La Audiencia condena a dos dibujantes de 'El Jueves' por injuriar al Príncipe

Les impone multas de 3.000 euros por la polémica portada de la revista El fiscal dijo que «si no respetamos nuestros propios símbolos cómo pretendemos que los respeten fuera»

A. TORICES
Los humoristas de 'El Jueves', tras el juicio. / REUTERS/
Los humoristas de 'El Jueves', tras el juicio. / REUTERS

La Audiencia Nacional condenó ayer a los humoristas de 'El Jueves' Manel Fontdevila y Guillermo Torres a pagar 3.000 euros de multa cada uno por injuriar el pasado 20 de julio en la portada de la revista al heredero de la Corona. Los procesados dibujaron a los príncipes desnudos y en una postura sexual explícita, con un texto que se mofaba de su trabajo y remuneración, para criticar la aprobación por el Gobierno del cheque-bebé de 2.500 euros.

El juez central de lo Penal, José María Vázquez, nada más terminar el juicio, indicó que la comisión del delito era evidente y por ese motivo adelantó el fallo 'in voce' en la sala de vistas, que más tarde reflejará en una sentencia completa. El juez dijo que el texto y el dibujo de la polémica viñeta son «objetivamente injuriosos» para el Príncipe de Asturias.

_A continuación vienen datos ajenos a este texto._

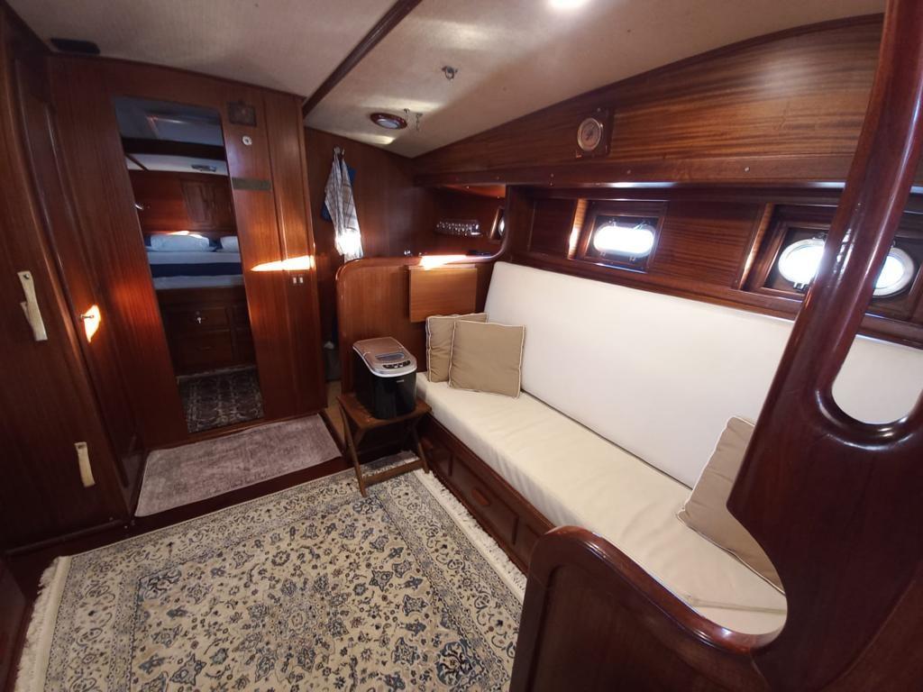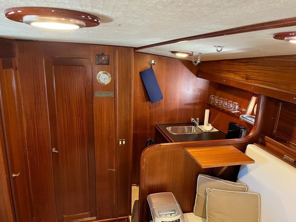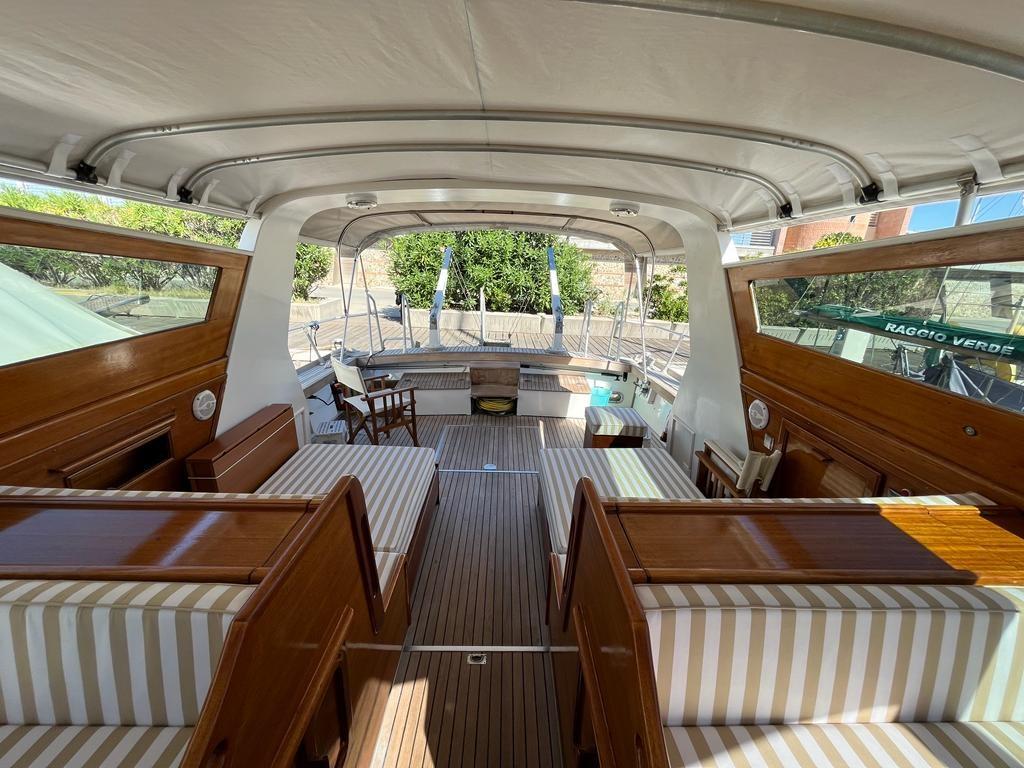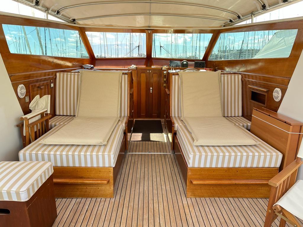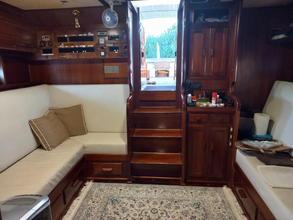 2022 : Nouvelle sellerie similicuir ivoire pour le poste de barre - Nouveaux coussins - Actionneurs de volets remplacés - Remplacement de la dinette et de la moquette de la cabine - Nouveau réflecteur radar - Nouveaux couvercles de bord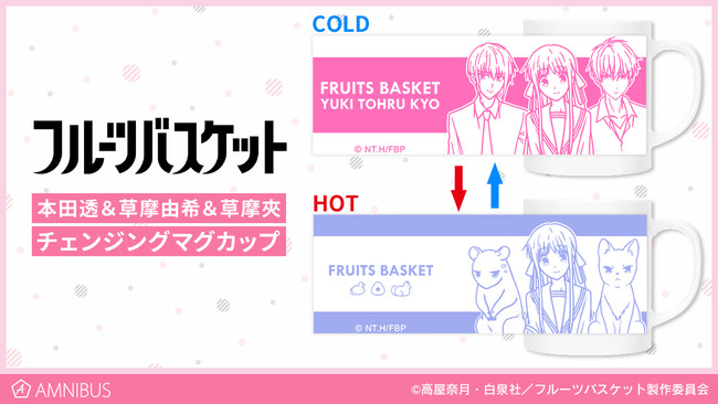 温度に反応する特殊なインクを使用しており、マグカップに温かい飲み物を入れると、草摩由希と草摩夾が動物姿に変化します。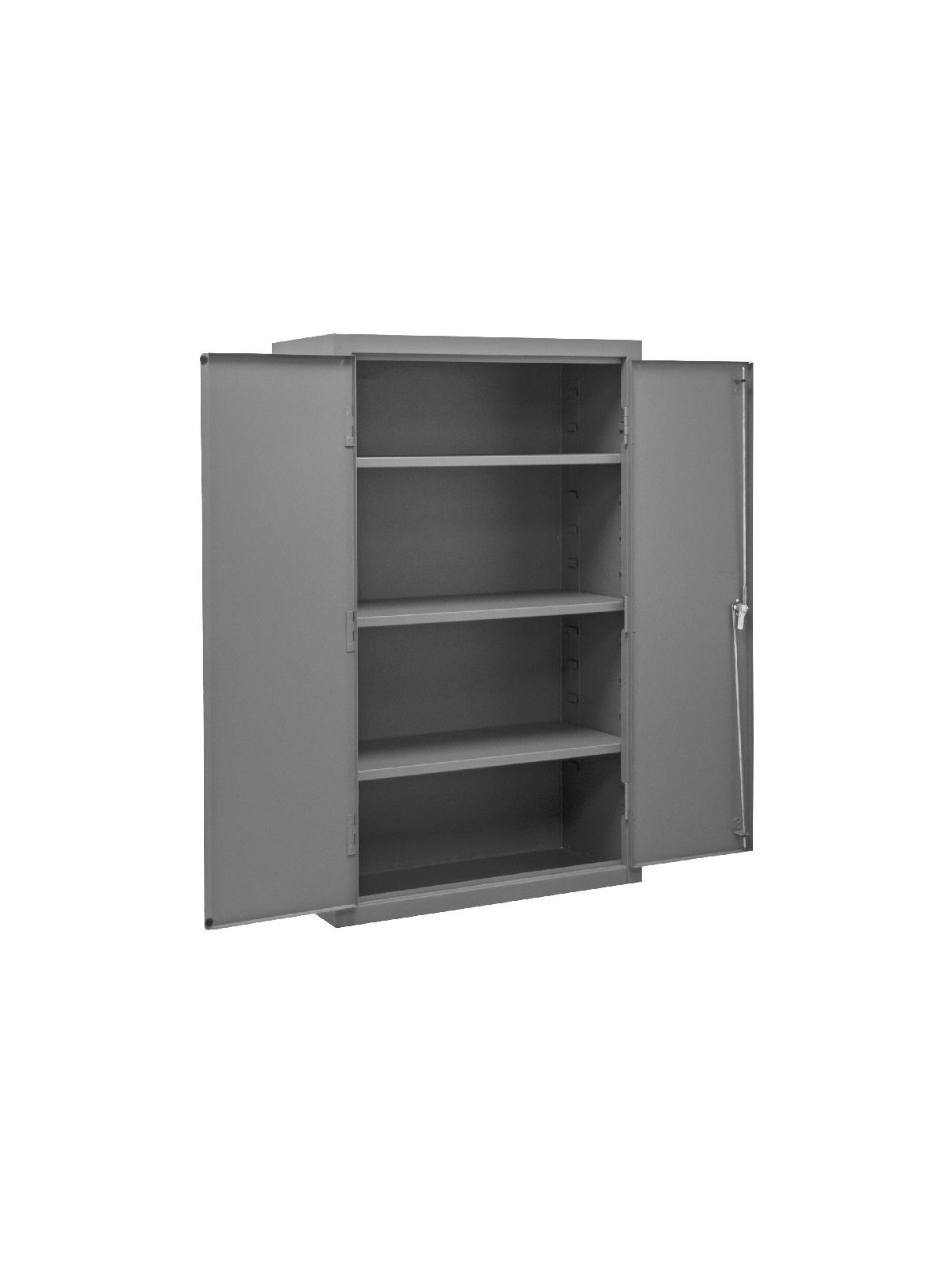 Industrial duty, all welded 16-gauge steel with 3-point locking system with keyed handle and lock rods, 4 keys included. Adjustable shelves rest on louvered panels and adjust on 4" centers. No tools required for installation. H2505 & H2506 models have 6"H base/legs which provide access for forklifts, pre-punched holes allow for lagging to the floor. (Constructed of 3/16" steel) Gray, textured powder coat finish. FOB Shipping Point.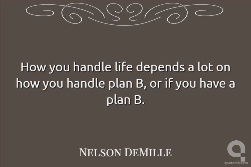 How you handle life depends a lot on how you handle plan B, or if you have a plan B.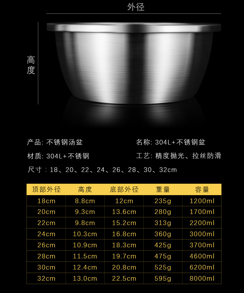 Германия 304 бассейн из нержавеющей стали с круглым и углубленным домом для мытья яиц, яиц и бассейн -пышных суповых горшков

Aseguró que, a la vista de la doctrina de los tribunales Supremo y Constitucional, los autores de la viñeta no pueden ampararse en el derecho a la libertad de expresión porque el contenido no es «ni necesario, ni idóneo, ni proporcionado» y porque cree que resulta «incomprensible» que se use ese medio para criticar una decisión del Gobierno. Pese a la contundencia de sus afirmaciones, el magistrado estableció la multa en la mitad de lo solicitado por el fiscal, que ayer elevó su petición de 3.600 euros a 6.000 porque buscaba una sentencia ejemplar, «para el conocimiento general y para que otros no reincidan».

La condena fue la conclusión a un juicio breve, de unas dos horas, en el que la Fiscalía interrogó a los acusados con dureza y los humoristas insistieron, incluso después del fallo, que no han cometido delito alguno, que recurrirán la sentencia y que volverían a hacer una viñeta similar.

Fontdevila y Torres entraron a la Audiencia Nacional acompañados por los máximos responsables de la revista satírica, con chapas de protesta y envueltos en una nube de periodistas y cámaras. Los protagonistas insinuaron a la salida que el juicio había sido una farsa y que el juez traía la condena ya preparada de casa.

«Exorbitante»

El fiscal Miguel Ángel Carballo realizó unos interrogatorios y un informe final muy duros y aseguró que la ingerencia en el honor de los príncipes era gratuita y «exorbitante». Justificó el empujón no deseado dado a la difusión de la viñeta por la denuncia y el secuestro de la publicación promovidos por su departamento en que el Ministerio Público debe actuar ante una violación legal.

Carballo defendió que la portada está dirigida a «dañar a la Corona y burlarse de ella» y señaló que «atacar la Corona es desprestigiar a los propios españoles y a la nación, a quien nos representa en el mundo». Aprovechó el reciente incidente con Hugo Chávez para argumentar que «si en Venezuela exhibiesen dibujos semejantes seguro que creeríamos que se ataca a los españoles y a la nación». Ante lo que concluyó que «si en España no respetamos nuestros propios símbolos, ¿cómo vamos a pretender que nos respeten fuera?».

El abogado de los dibujantes centró su informe, sin éxito, en defender que el trabajo de sus clientes está amparado por el derecho a la libertad de expresión y se lamentó de que fuesen juzgados por un tribunal «especial», en un proceso en el que «nunca he tenido la sensación de que se respetasen todas las garantías». Un dibujo, dijo, «ni roba, ni mata, ni extorsiona», por lo que el letrado «no entiende que la jurisdicción que persigue a los dinamiteros lo haga con unos dibujantes».

El defensor, que intentó que el juez admitiese como prueba de descargo dos figuras de 'caganet' comercializadas que representan al Príncipe y a Zapatero, se lamentó de que «la sociedad sacralice al Rey y a sus parientes». «Ni al mismo Franco y su familia se le trataba así, sólo ocurre con el rey de Marruecos y el de Tailandia», aseguró. El abogado resumió su postura con la frase: «en una sociedad democrática ninguna persona, humana o divina, está libre de crítica o burla, por zafia que sea».